Requirement: Your response to the data below should hold nothing except the lines from the one containing "1.This striking island" down to the one containing "अमीर-गरीब, जाति-भेद जैसी", reproduced exactly and without pictures.
--------------------
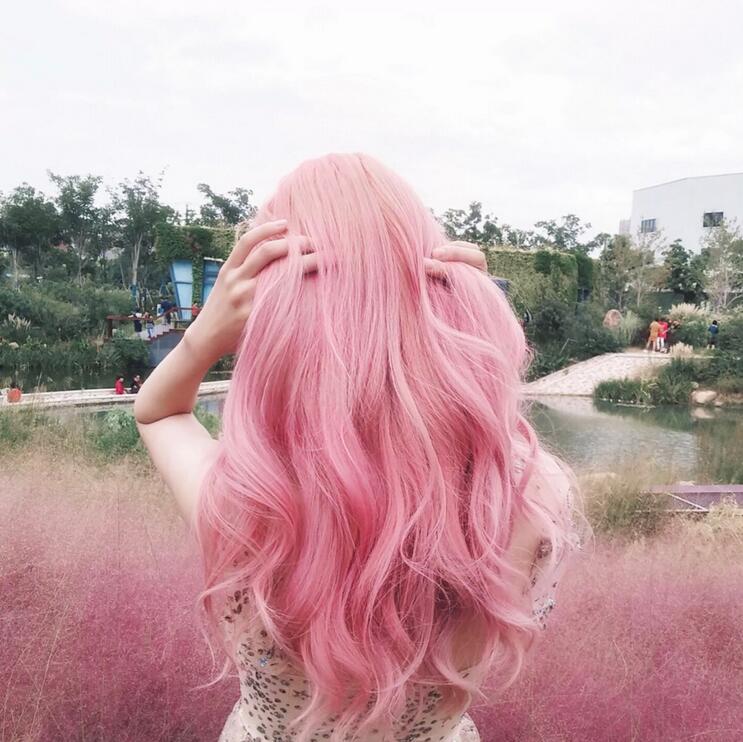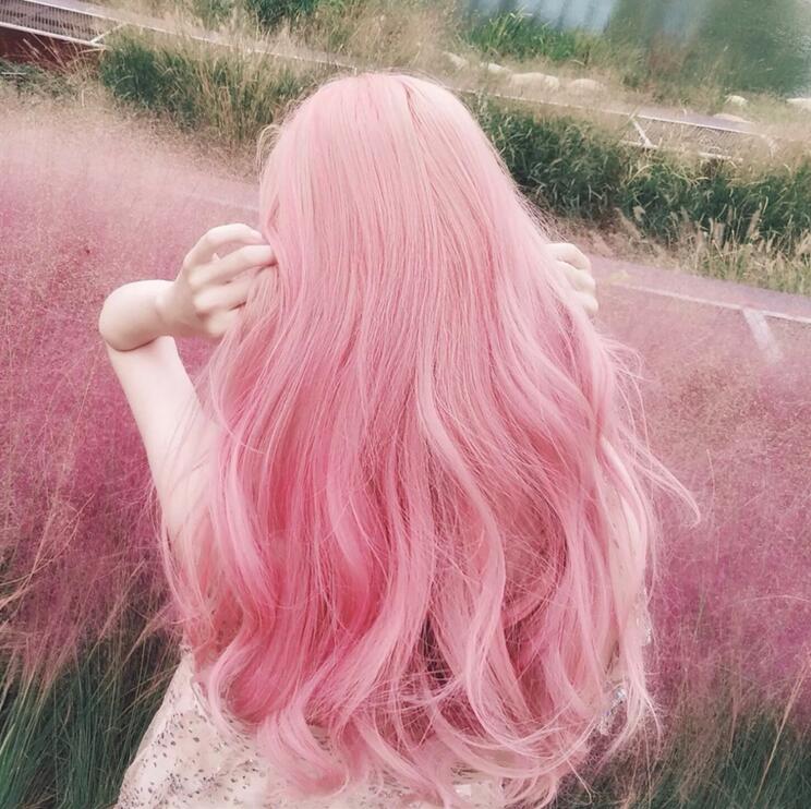 Material:100% High Temperature Fiber. Color: pink; Modeling: wave; Package include: 1 x wig (wig cap freely).
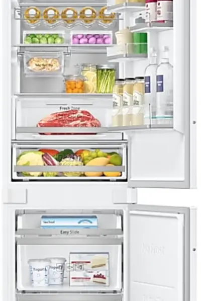 Samsung First è il primo frigorifero da incasso Total No Frost. Questa tecnologia, anche nel vano frigo, è lo speciale sistema di refrigerazione che consente una circolazione ottimale dell’aria, mantenendo costanti i livelli di temperatura e di umidità in entrambi i vani. Tutti gli alimenti, anche i più delicati, conservano intatta la loro freschezza per oltre una settimana. Inoltre è possibile usufruire di tutto lo spazio disponibile anche nella zona freezer, evitando le noiose operazioni di sbrinamento periodiche. La tecnologia Twin Cooling Plus utilizza due circuiti di raffreddamento separati e indipendenti, uno dedicato alla zona frigo e uno dedicato alla zona freezer. È quindi possibile gestire in modo indipendente la temperatura presente nei due scomparti, evitando scambi di odori e garantendo il giusto grado di umidità. La funzione Smart Cooling, per la prima volta su un frigorifero da incasso, consente di variare la temperatura del vano freezer a seconda delle tue esigenze, scegliendo tra 4 diverse modalità. Il compressore Digital Inverter permette la modulazione della potenza erogata in maniera proporzionale alle effettive necessità. Rispetto a un compressore tradizionale consente un risparmio energetico fino al 20%. Lo speciale rivestimento fonoassorbente ne garantisce la silenziosità, mentre la garanzia di 10 anni ne testimonia l’affidabilità. La capacità netta di Samsung First è di 256 litri mentre l’altezza netta è 177,5 cm.
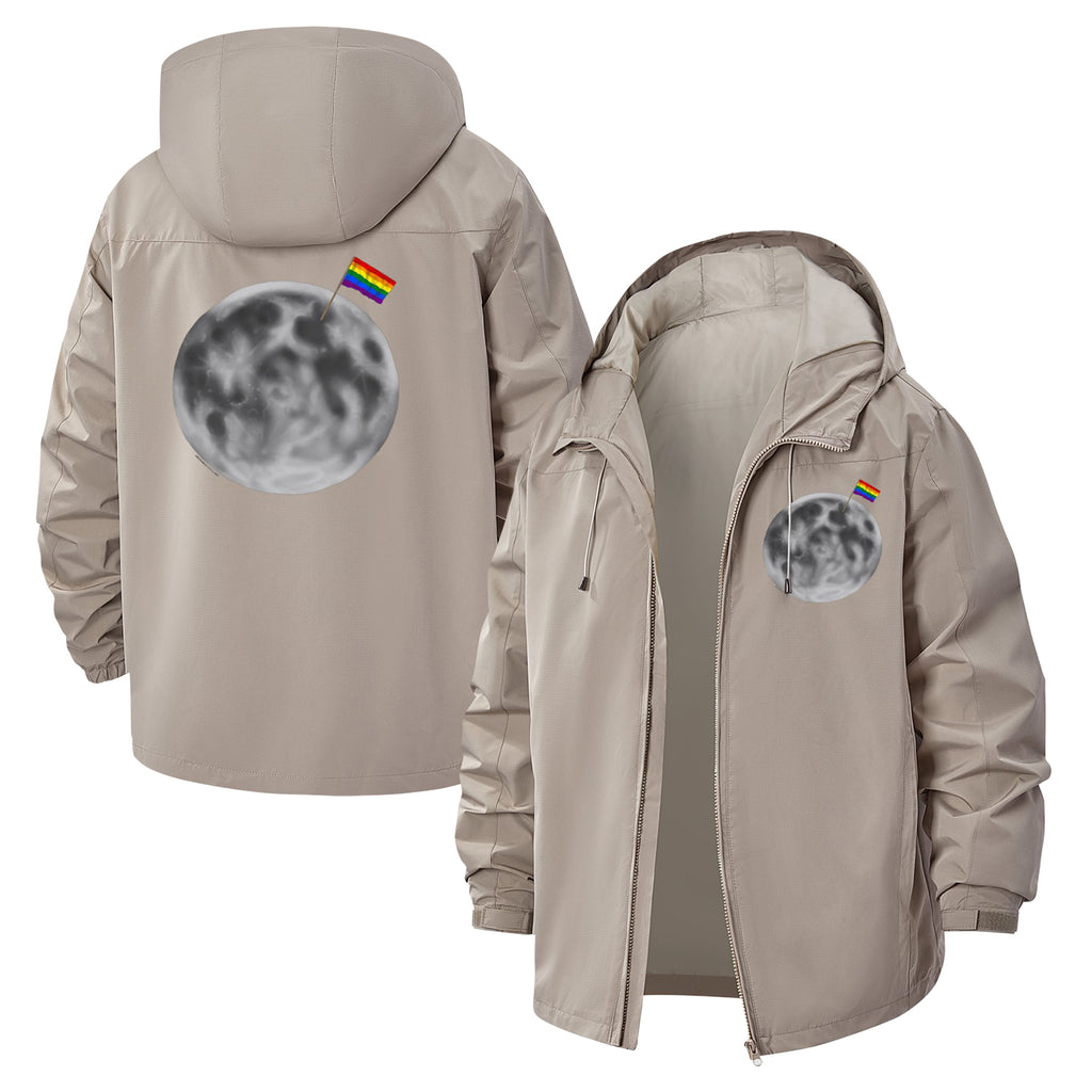 Moon and Pride Flag Unisex Full-Zip Printed Waterproof Hooded Windbreaker
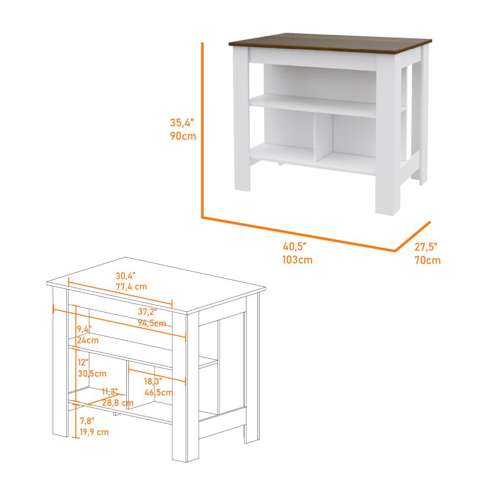 1.This striking island includes a large top surface (40,5"W X 27,5"D)that is ideal for all your favorite preparations, from cooking to entertaining
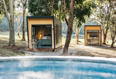 The three little sleep pods are a cosy accommodation option, nestled into the bushland on the edge of the golf course. Featuring queen beds, heating and air conditioning, veranda with seating to relax and enjoy the views and nearby access to the bathrooms and kitchenette in the Gazebo. Sleeping up to 2 guests each.
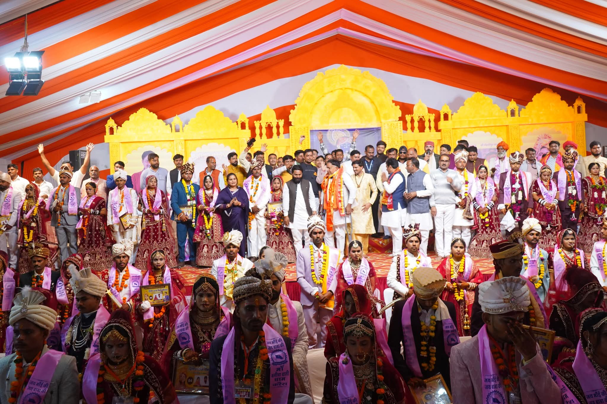 अमीर-गरीब, जाति-भेद जैसी दीवारें खत्म हो जाती हैं। कार्यक्रम में ग्वालियर सांसद भारत सिंह कुशवाह, विधायक रमेश खटीक, वृंदावन के प्रख्यात कथा बकता पंडित कृष्ण कांत त्रिपाठी ,बागेश्वर बालाजी के हजारों भक्त और अनेक गणमान्य लोग उपस्थित रहे। वरमाला के समय पूरा परिसर तालियों और जयकारों से गूंज उठा। समिति ने सभी जोड़ों को एक जैसा महत्व दिया। किसी विशेष व्यक्ति या दंपत्ति के लिए अलग व्यवस्था नहीं थी, जिससे आयोजन में समानता, एकता और सामाजिक सम्मान की भावना मजबूत हुई
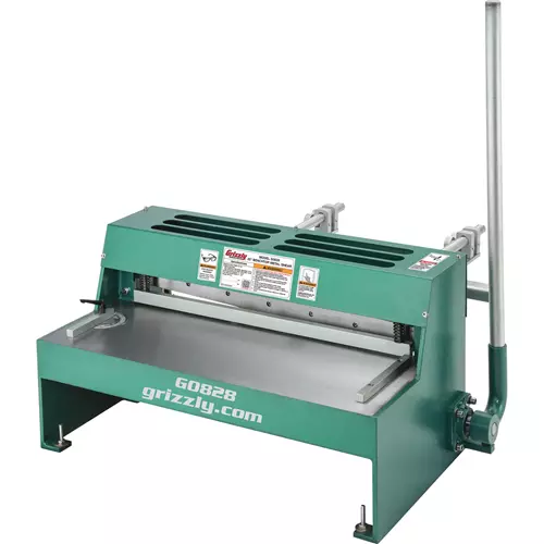 The Grizzly G0828 Benchtop Metal Shear will handle up to 18-gauge sheet metal at a maximum width of 25".It comes complete with two-sided upper and lower blades, adjustable gibs on the upper blade, a protractor stop plus front and rear adjustable stop scales.
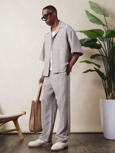Set composto da camicia con collo a rever stile rustico e vestibilità boxy e pantaloni a gamba dritta-50%
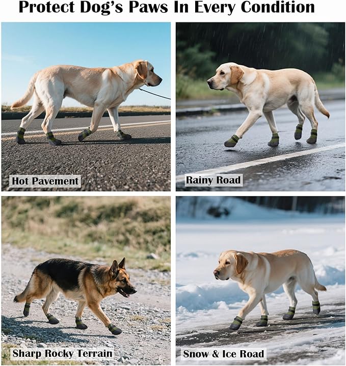 - [All-Weather Paw Protection]: Whether you’re navigating slippery floors, hot pavement, snowy trails, or rocky paths, our dog boots have you covered. The high-visibility reflective edges ensure safety during nighttime walks, making sure your furry friend stands out!
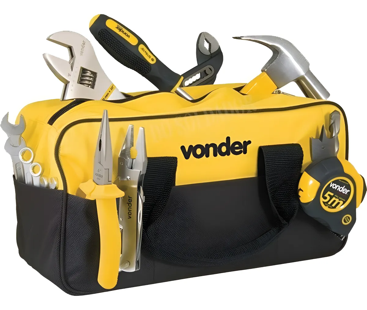 Com alças em nylon resistentes e fechamento por zíper, garante segurança no transporte e praticidade no uso. Seu design em amarelo e preto, tradicional da linha Vonder, combina estilo e funcionalidade para eletricistas, encanadores, montadores e profissionais em geral.
--------------------
Exercise answer:
 1.This striking island includes a large top surface (40,5"W X 27,5"D)that is ideal for all your favorite preparations, from cooking to entertaining
 The three little sleep pods are a cosy accommodation option, nestled into the bushland on the edge of the golf course. Featuring queen beds, heating and air conditioning, veranda with seating to relax and enjoy the views and nearby access to the bathrooms and kitchenette in the Gazebo. Sleeping up to 2 guests each.
 अमीर-गरीब, जाति-भेद जैसी दीवारें खत्म हो जाती हैं। कार्यक्रम में ग्वालियर सांसद भारत सिंह कुशवाह, विधायक रमेश खटीक, वृंदावन के प्रख्यात कथा बकता पंडित कृष्ण कांत त्रिपाठी ,बागेश्वर बालाजी के हजारों भक्त और अनेक गणमान्य लोग उपस्थित रहे। वरमाला के समय पूरा परिसर तालियों और जयकारों से गूंज उठा। समिति ने सभी जोड़ों को एक जैसा महत्व दिया। किसी विशेष व्यक्ति या दंपत्ति के लिए अलग व्यवस्था नहीं थी, जिससे आयोजन में समानता, एकता और सामाजिक सम्मान की भावना मजबूत हुई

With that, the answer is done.